In fact, on a national basis, average rental rates declined by 3.7% between the third quarters of 2008 and 2009, falling from an average charge of $1,002 per month a year ago to $968 by midyear 2009, to $965 a month as of the end of September.

Only seven of the 33 markets Realfacts examined posted rental rate increases, and even those were minimal. The Miami-Ft Lauderdale, FL-area saw a 1% gain from the second quarter’s $1,163 per month to $1,175 in the third. Austin, TX saw the second-largest jump, rising 80 basis points--$845 a month in Q2 to $852 in Q3. Rounding out the top four are Albuquerque, up 0.7% from $732 to $737 between the second and third quarters, and Portland, OR, which saw average monthly rental rates go from $842 to $846, accounting for a 0.6% increase.

Any gains in market rents are overshadowed, however, by the level of rental declines in many areas. Topping off the locations in "serious trouble," say Realfacts researchers, is Las Vegas, which saw its rents drop 2.1% over the past quarter from $855 per month to $837. Not too far off are Durham, NC and the Seattle-Tacoma markets, both of which saw average rental rates fall by 1.9%--$841 to $837, and $1,056 to $1,036, respectively. And circling back to Nevada, the Reno-Spark-area landlords experienced a 170-basis-point drop in rental rate growth, from $830 per month to $816. Meanwhile, San Jose’s average market rents got a wallop over the past 12 months, falling 10.1% from $1,709 per month to $1,536. From the prior quarter, rents there declined another 1.1%.

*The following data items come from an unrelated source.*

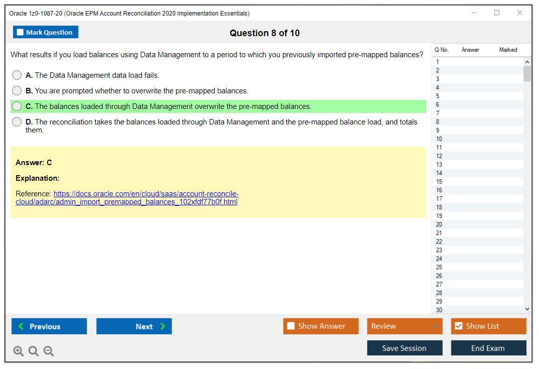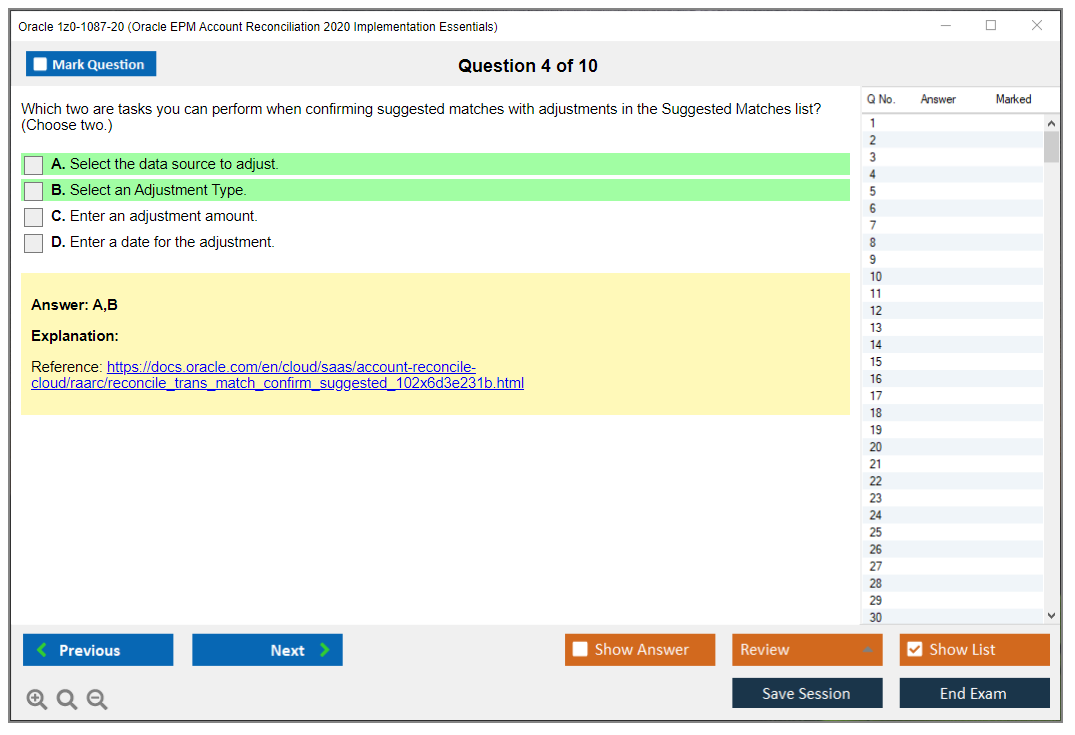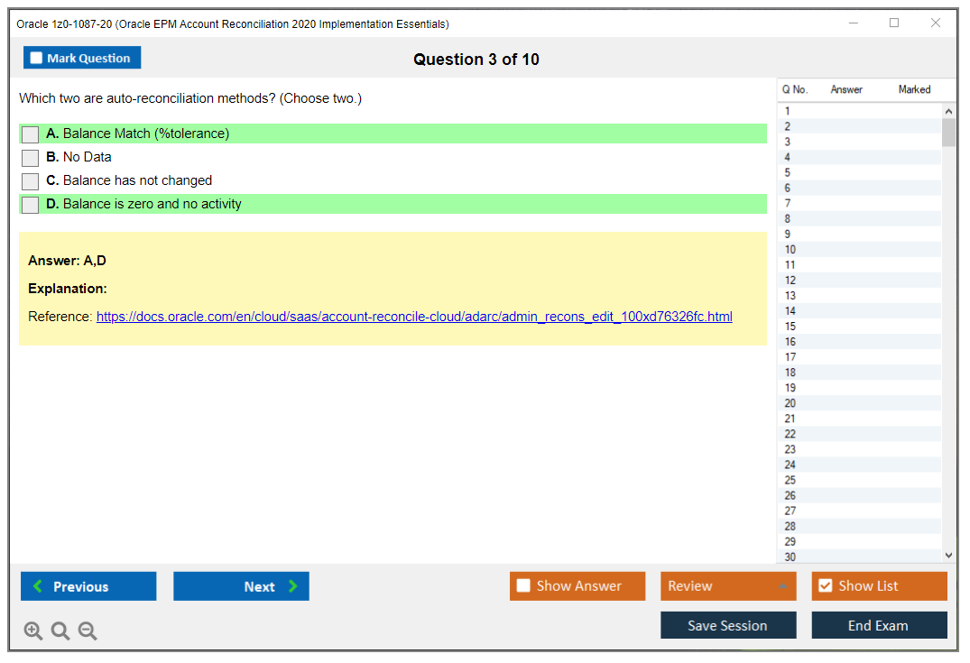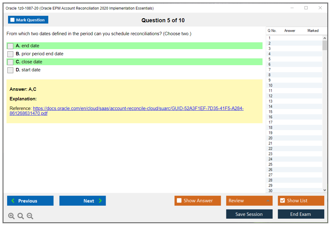 1z0-1087-20: Oracle EPM Account Reconciliation 2020 Implementation Essentials Lernmaterial und Test Engine
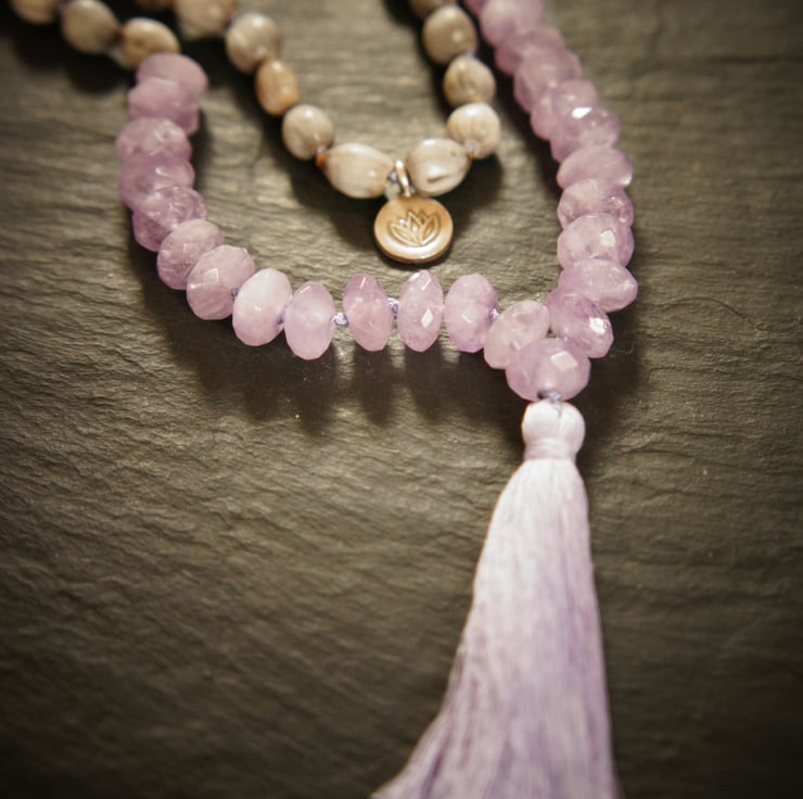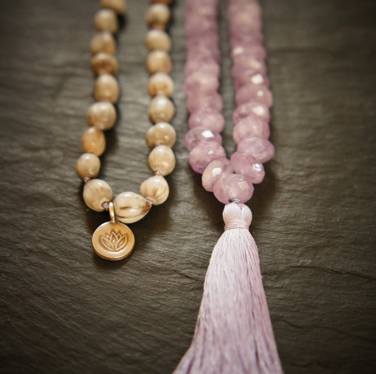 A 108 beaded Mala. Threaded onto pure silk with a 108 thread cotton flower/tassle.
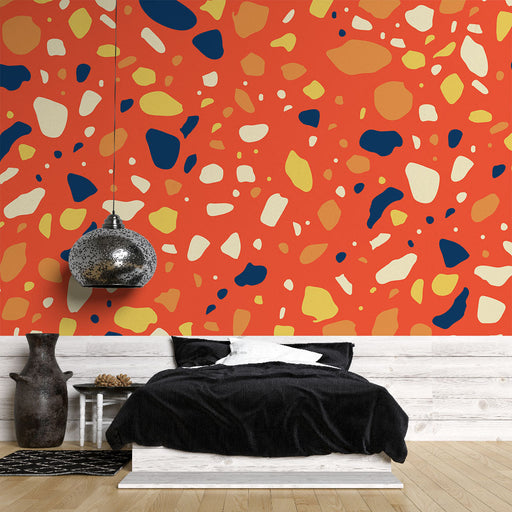 Προβολή πλήρων λεπτομερειώνΤαπετσαρία τοίχου terrazzo | Κόκκινο και πορτοκαλί αφηρημένο μοτίβο
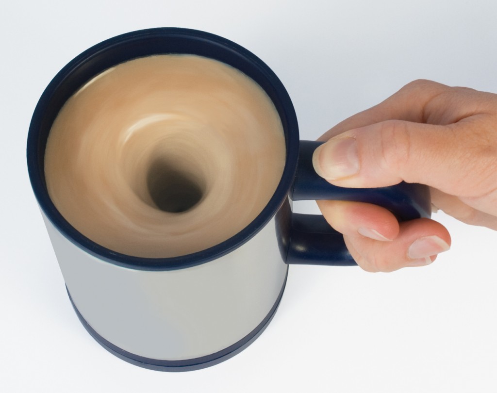 Jeder Tag beginnt mit einer Tasse frischen Kaffee oder mit einem dampfenden Tee. Die etwas andere Tasse ist bei uns im erfinderladen und im Online Shop für € 18,90 zu haben. Mit dem selbstumrührenden Becher lässt sich der Zucker mühelos per Knopfdruck einrühren.
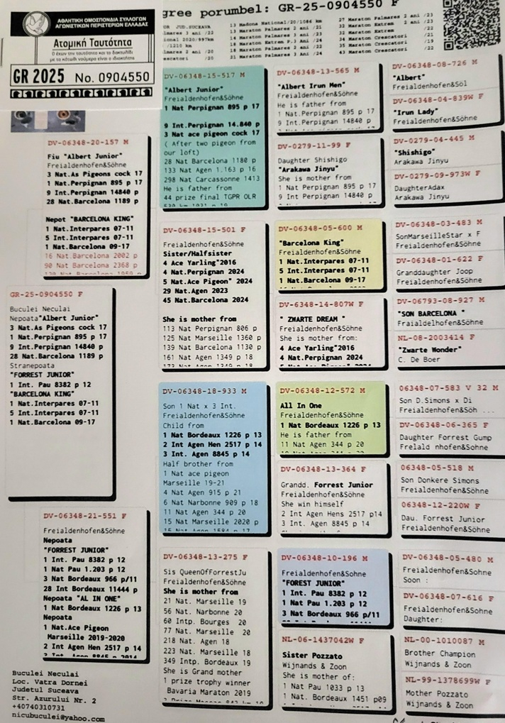 Thus, Mr. Buculei's efforts to source top genetic material from across Europe and Romania demonstrate not only a strategic approach but also a profound passion for pigeon racing. In an increasingly demanding competitive landscape, Mr. Buculei stands out for his innovation, perseverance, and a deep understanding of the factors that contribute to success in marathon races. Considering these aspects, it is no surprise that he is regarded as a leader in his field and a model for other breeders who aspire to excellence in this sport.
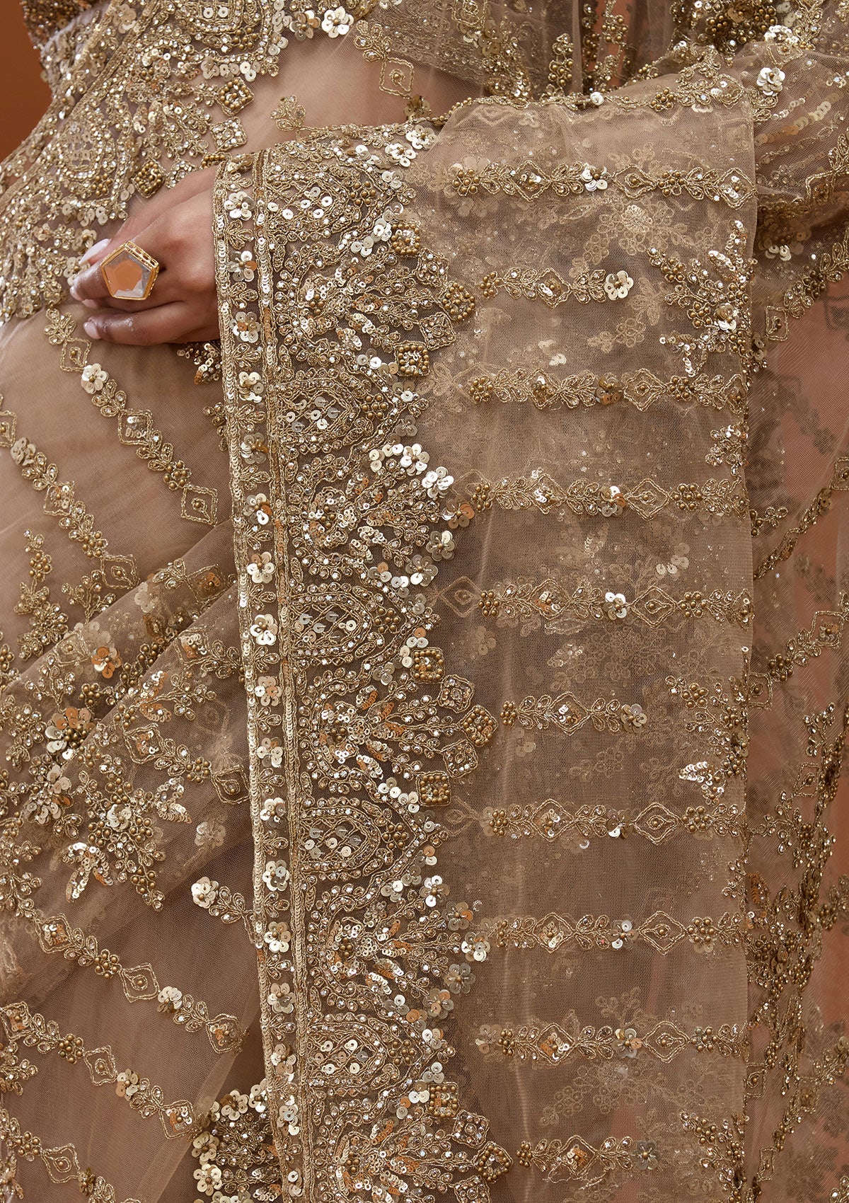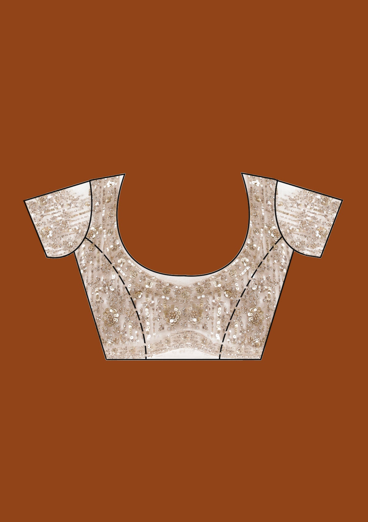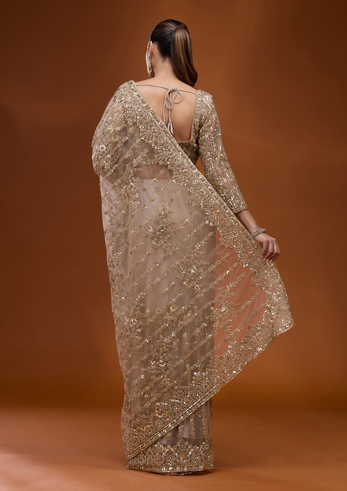 Beige Saree in Net fabric. The Saree is elevated with Cording embroidery. It comes with an Unstitched blouse. Comes with the Koskii promise of premium quality.
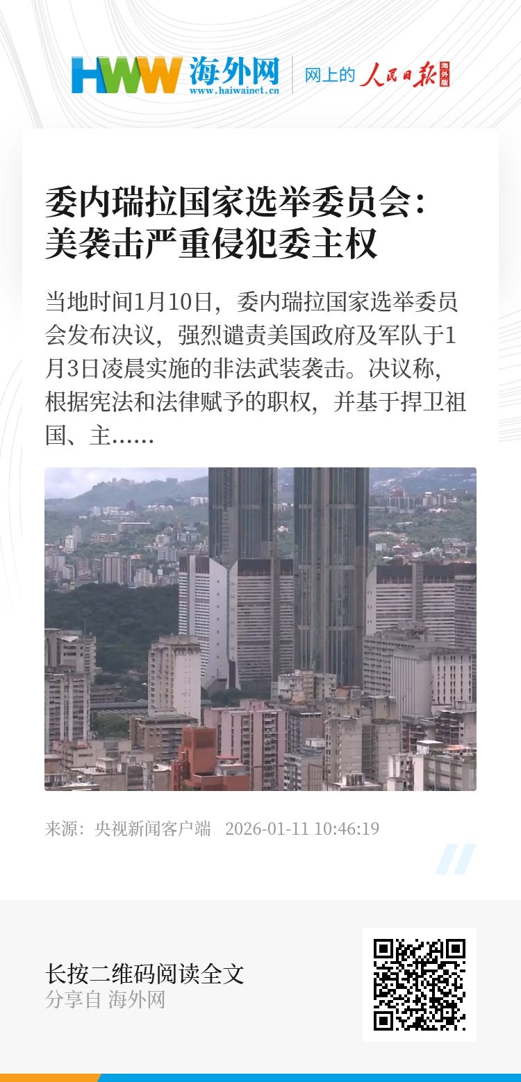 当地时间1月10日,委内瑞拉国家选举委员会发布决议,强烈谴责美国政府及军队于1月3日凌晨实施的非法武装袭击。
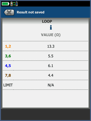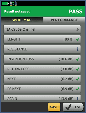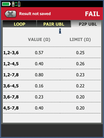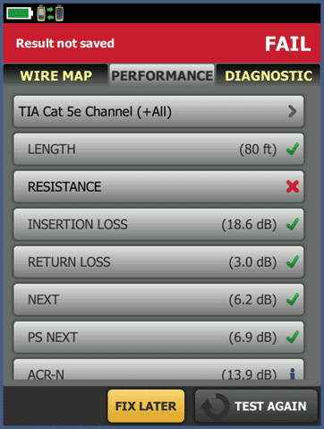 La falta de una clasificación PASA/FALLA para la resistencia de bucle de CC (mostrado anteriormente) es un resultado directo de que ANSI/TIA-1152 no requiere resistencia de bucle de CC como requisito. Lo bueno es que cuando ANSI/TIA-1152-A se publique, requerirá resistencia de bucle de CC para el cumplimiento. Sin embargo, incluso si el límite de 25 ohmios encontrado en ANSI/TIA-568-C.2 o ISO/IEC 11801 se aplicó a este enlace, aún pasaría, aunque tenga un problema de resistencia de contacto CC.
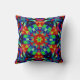 Retro Mandala Flower Red Green and Blue Throw Pillow
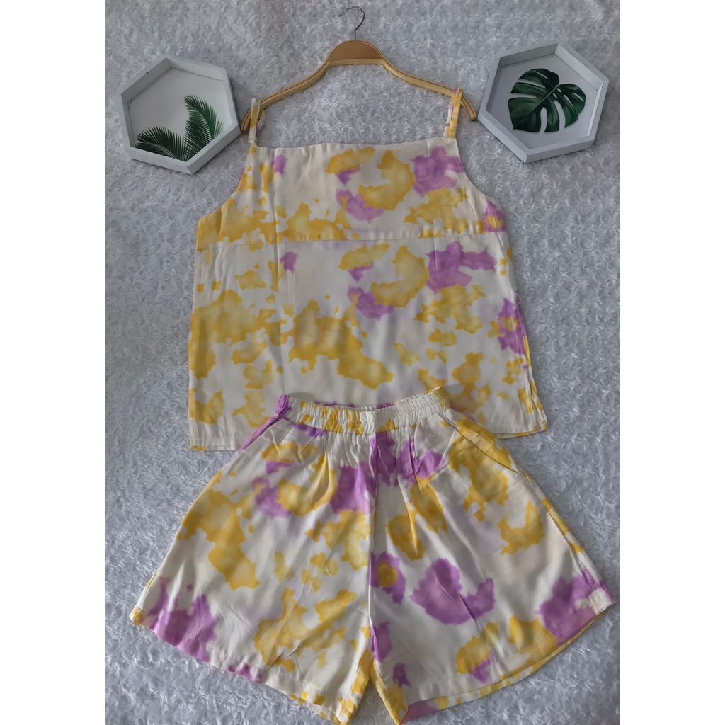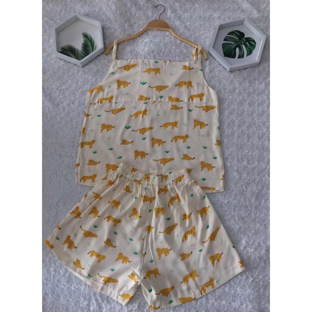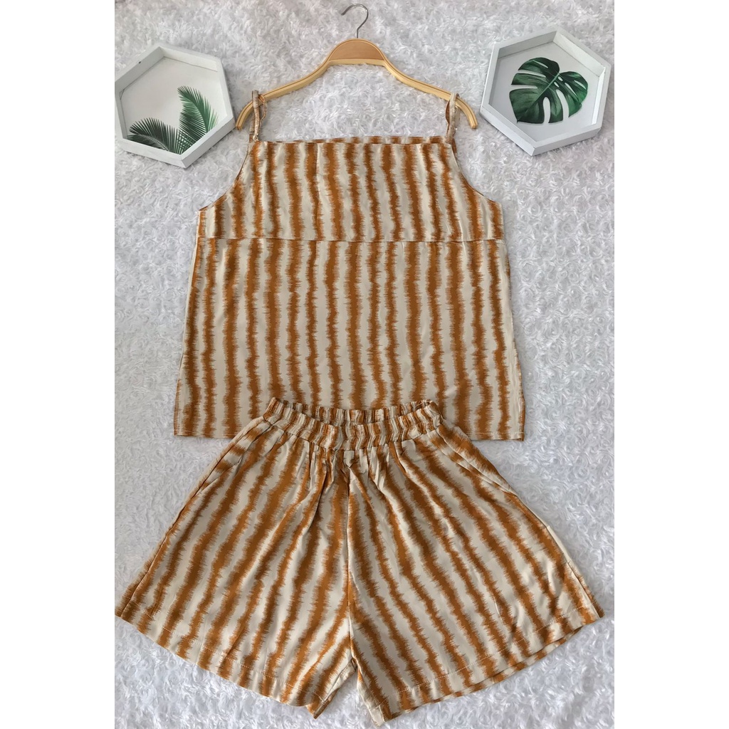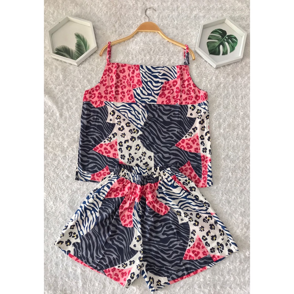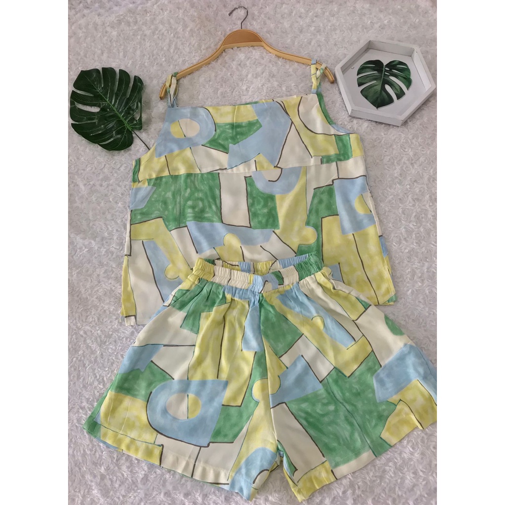 LimitedFashion Setelan Wanita Kekinian Rayon Tanktop One Set Rayon Setelan Baju Tidur Wanita TangTop
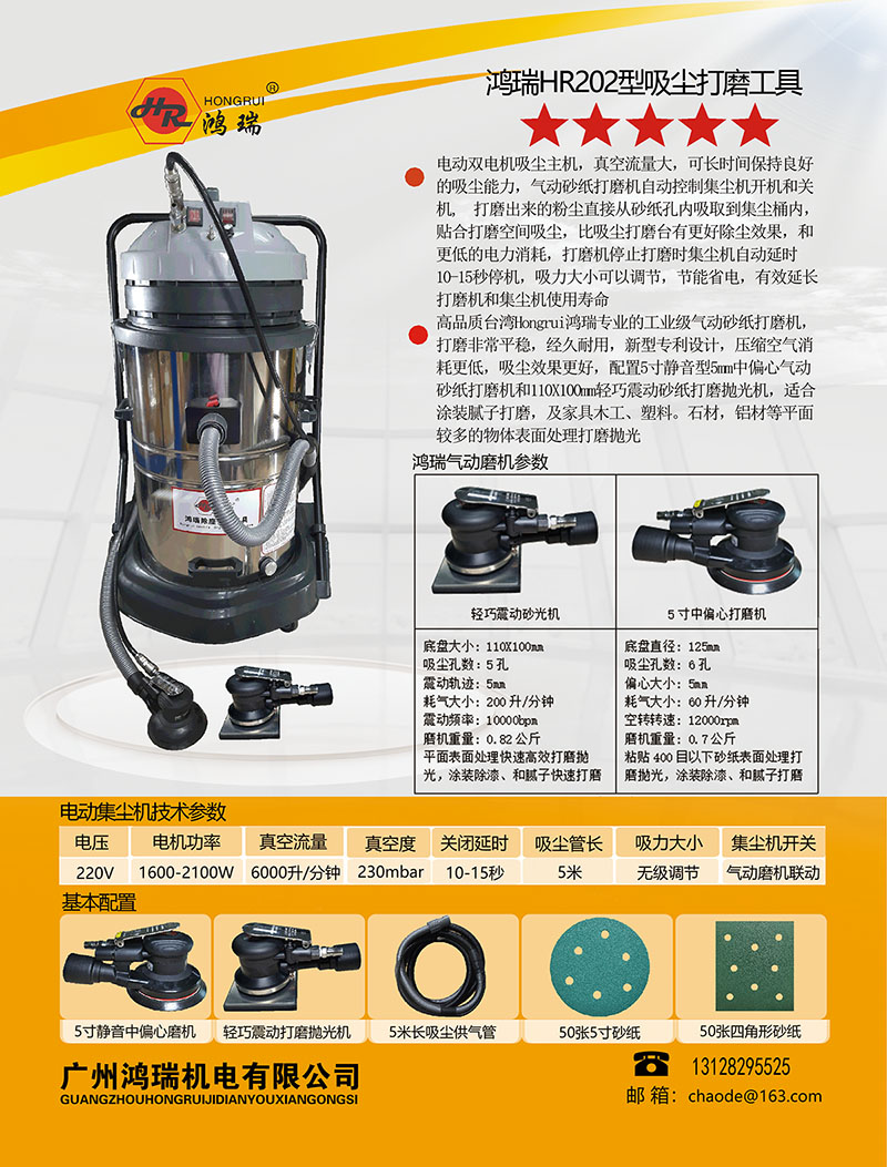 3、中国台湾鸿瑞高品质工业级气动磨机,可在工厂打磨线长时间打磨,内螺纹吸尘口结构,吸尘管直接旋进磨机吸尘口不会松脱了。5寸低耗气中偏心磨机,打磨时低耗气少、排气噪音低,符合国内和欧盟打磨噪音要求,粘贴400目以下砂纸玻璃钢、环氧树脂、碳纤维等复合材料、铝材、大理石、木制品、橡塑制品、金属氧化层等表面处理快速打磨抛光,涂装除漆、和腻子快速打磨;110x100mm轻巧四方型磨机震动式打磨,大平面玻璃钢、环氧树脂、碳纤维等复合材料、铝材、大理石、木制品、橡塑制品、金属氧化层等表面处理快速打磨抛光,涂装除漆、和腻子快速打磨

The good news for multifamily landlords, though, is that occupancy is on the rise in 29 of the 33 MSAs examined by Realfacts. It’s likely that renters are being lured to multifamily properties by the discounted lease rates; the firm notes that some of the markets that saw the greatest gains in occupancies also saw some of the biggest losses in average rental rates. In Durham, NC, for instance, occupancies rose 4.6% to 93.5% between June and September, but rents fell 1.9% to $825 over the same period. And in Boise, ID, occupancy grew by 4.4% over three months, hitting 92.7% in the third quarter, while rents fell by 110 basis points to $724 a month.

Given the current conditions, multifamily renters have the upper hand in this market as landlords are more likely to offer better value for their properties. "The conditions in the rental market reflect people’s attitude throughout the country," according to analysts. "People are tightening their belts by reducing their spending and consumer debt and increasing their savings. Apartments appear to be a good option for today’s value-conscious consumer."